Now we're getting into it! What goes through my mind when I stand up before the congregation? Do you really want to know?
First things first. What goes on in my mind before I stand up? Over the last eighteen years this has remained pretty consistent. Before the message on Sunday mornings I am doing my very best to engage with and participate in the corporate praise, adoration and worship of our God in song, prayer, or through whatever means those leading our service have included. In other words, I am not thinking of the sermon at all. That's the honest truth. I've prayed about it (and worried about it plenty) before the service begins. Once we've come together in God's presence, I've pretty much put it aside. My wife will tell you--to me at that point, "it is what it is!"
Perhaps in another series of posts I can share some of my worship service experiences not related to the sermon. We'll see.

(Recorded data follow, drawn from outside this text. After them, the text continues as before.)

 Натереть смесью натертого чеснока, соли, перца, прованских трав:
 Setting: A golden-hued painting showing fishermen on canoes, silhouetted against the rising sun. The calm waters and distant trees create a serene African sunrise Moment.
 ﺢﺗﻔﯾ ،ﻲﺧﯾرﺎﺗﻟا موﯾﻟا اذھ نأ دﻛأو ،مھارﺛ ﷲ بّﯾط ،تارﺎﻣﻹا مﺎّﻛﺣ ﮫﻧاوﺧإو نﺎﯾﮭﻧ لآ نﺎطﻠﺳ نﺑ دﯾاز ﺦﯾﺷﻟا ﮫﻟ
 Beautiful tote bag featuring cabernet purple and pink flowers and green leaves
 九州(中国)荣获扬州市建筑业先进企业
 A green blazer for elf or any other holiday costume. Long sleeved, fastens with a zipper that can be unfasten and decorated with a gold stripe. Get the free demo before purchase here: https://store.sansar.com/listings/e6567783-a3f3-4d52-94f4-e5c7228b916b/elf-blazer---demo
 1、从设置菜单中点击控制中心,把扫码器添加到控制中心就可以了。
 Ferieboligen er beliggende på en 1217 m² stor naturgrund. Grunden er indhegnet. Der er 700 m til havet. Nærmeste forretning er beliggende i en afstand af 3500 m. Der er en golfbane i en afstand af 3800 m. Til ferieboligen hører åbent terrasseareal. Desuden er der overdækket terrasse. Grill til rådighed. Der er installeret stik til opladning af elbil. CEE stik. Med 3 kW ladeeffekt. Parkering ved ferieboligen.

When it's time for me to stand up, a singular prayer soothes my nerves, and many times a trio of very bizarre thoughts cross my mind. Each has a little story of their own.

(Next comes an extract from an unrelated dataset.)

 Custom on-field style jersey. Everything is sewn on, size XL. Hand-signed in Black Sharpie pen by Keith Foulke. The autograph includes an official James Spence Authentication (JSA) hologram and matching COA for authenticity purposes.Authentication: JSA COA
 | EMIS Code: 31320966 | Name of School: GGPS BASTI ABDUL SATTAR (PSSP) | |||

Just a few years into my Christian faith, Shari and I began attending Miami Shores Presbyterian Church. The pastor there was a great preacher and teacher--he spoke in such a radio-quality deep voice that everyone else who spoke during the service sounded like they had sucked helium. I noticed that every Sunday (emphasize every) he ended a brief prayer before he began preaching with the words "May the words of my mouth and the meditations of our hearts be pleasing in your sight, O Lord, our Rock and Redeemer!" I thought to myself, "Poor guy, I wonder if he realizes he says the same exact thing each week." A few years later I was preparing to preach my first sermon before a congregation. I was scared to death. I was reading Psalm 18 for comfort. I read on, by accident really, through the chapter division and got to Psalm 19 verse 14. Whoa!

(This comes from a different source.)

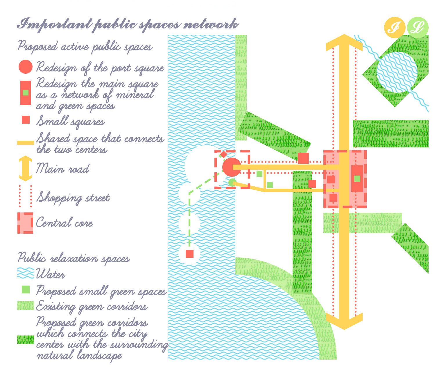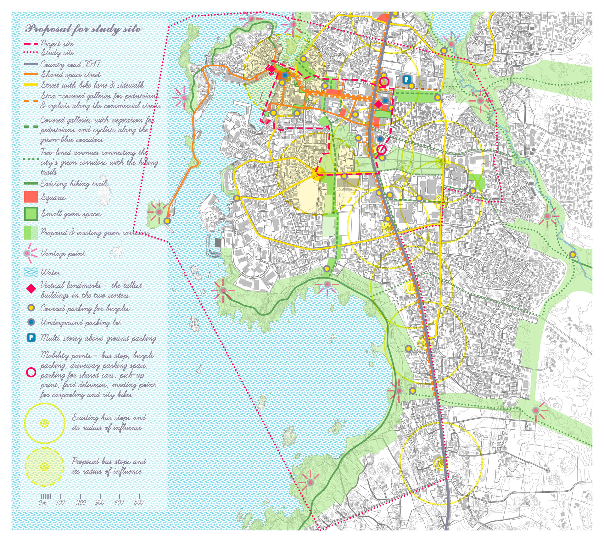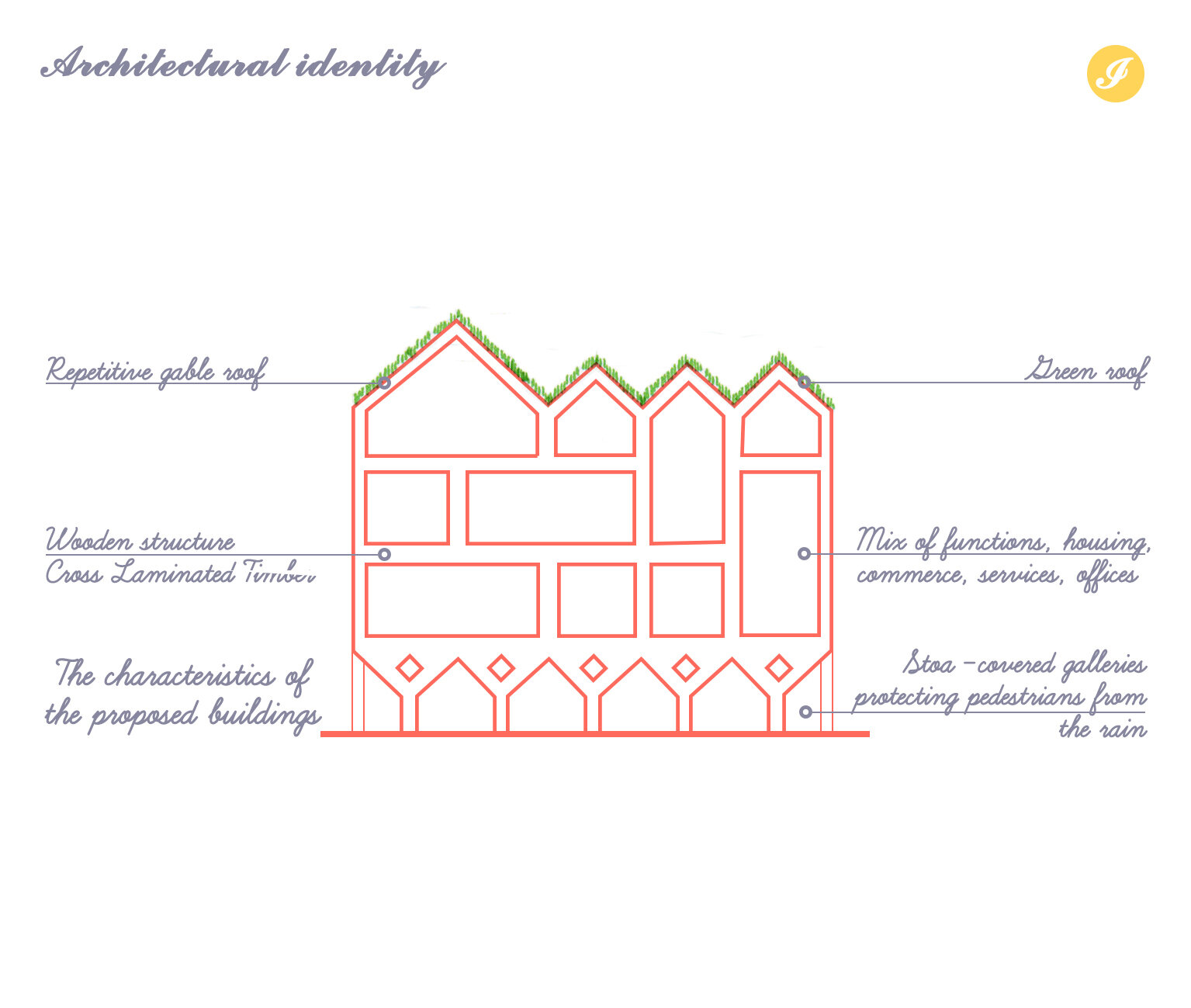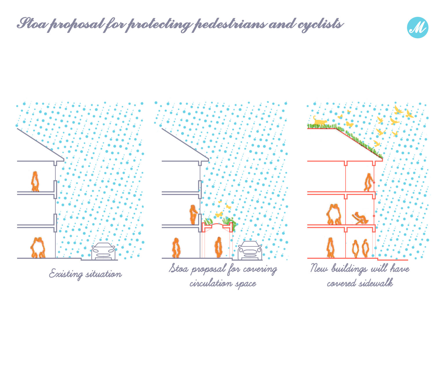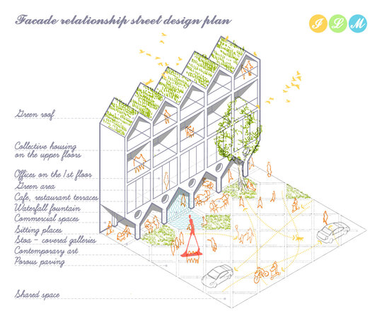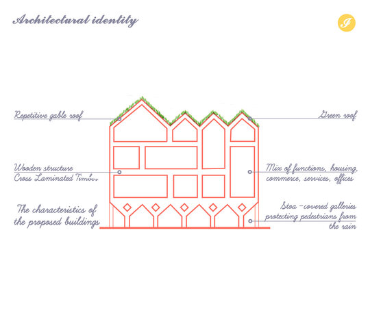 Desi conceptul este strain, Stoae, inspirate din Grecia, coloanele independente sau pasarelele acoperite, creeaza un spatiu semi-deschis, definind strada, separand utilizatorii, protejandu-i impotriva intemperiilor si, mai important, accentuand modelele dorite de mobilitate usoara. Forma si structura din lemn propuse sunt insa inspirate de casele traditionale din cea mai veche parte a orasului, portul.

I realized that these were really central aims of mine as I'd endeavor to preach--that my words would please God, and that our participation together in considering His word would please Him. Most Sundays, I include that very phrase in my own prayer out loud. The Sundays I don't actually say it, you can count on the fact that I'm still praying it silently. The old preacher with the baritone voice had something.
The strange trio of thoughts? First: Is my fly up? No, I'm not kidding. It crosses my mind almost every time I stand in front of a crowd for any reason. There have been a few occasions in my lifetime where someone rose to teach or preach and their zipper was down. You know how awkward that is. You don't know if you should say something, pretend you don't notice, hope they'll maybe feel a breeze and take care of it, etc. I'm pretty good about learning lessons from others' misfortune. I admit it, I check my zipper!
Second: skirts. It's kind of embarrassing to admit, but one of the things that crosses my mind on Sundays are women in skirts if they're sitting in the front row. One of my standard practices during our congregation prayer time is to sit down on the steps and face the congregation as we pray together corporately. I love to do that because my back isn't towards anyone, I can hear and agree in prayer more easily as we pray. You have to understand that from that vantage point--sitting on the edge of the platform, a woman in a skirt in the front row--not a place I want to put myself. So I have developed a habit of noticing who's in the front row and how they're dressed as I come up front. Here's a behind the scenes tip: If, when we bow to pray together, you see me sit down in the front row with my back to you instead of on the step facing you--you'll know someone is wearing a skirt. Let's hope it's not one of the Elders.
Third, I always look at my Bible to make sure the one I think it is. I had a once in a lifetime--in other words, it happened to me once and I'll never let it happen again. Early in my preaching career I planned a sermon using one of my study bibles. I have to tell you that I was thrilled with the message. This one was going to preach, baby! Sunday morning came and I grabbed my preaching bible, headed to the pulpit, opened to John 5 and was roaring' to go. I read the text out loud to the congregation--and felt the blood drain out of my face. Where was the verse? I turned forward and back. Am I in the wrong chapter? Wrong book? It was John 5, right? Where's the stinking verse? Panic! Turned out that I had planned my entire message--and it was a great one--on John 5, verse 4. The editors of the NIV I held in my hand had removed that verse from their translation. It was very much there in the NKJV I had used to study and prepare... which was at my house... fifteen minutes away... and there I stood. Folks, you have no idea how quickly your mind can spin (and your stomach sour) until you're in front of a crowd to preach on a verse--that is NOT IN YOUR BIBLE!
I pray. My mind hits these three odd handles. Then I preach.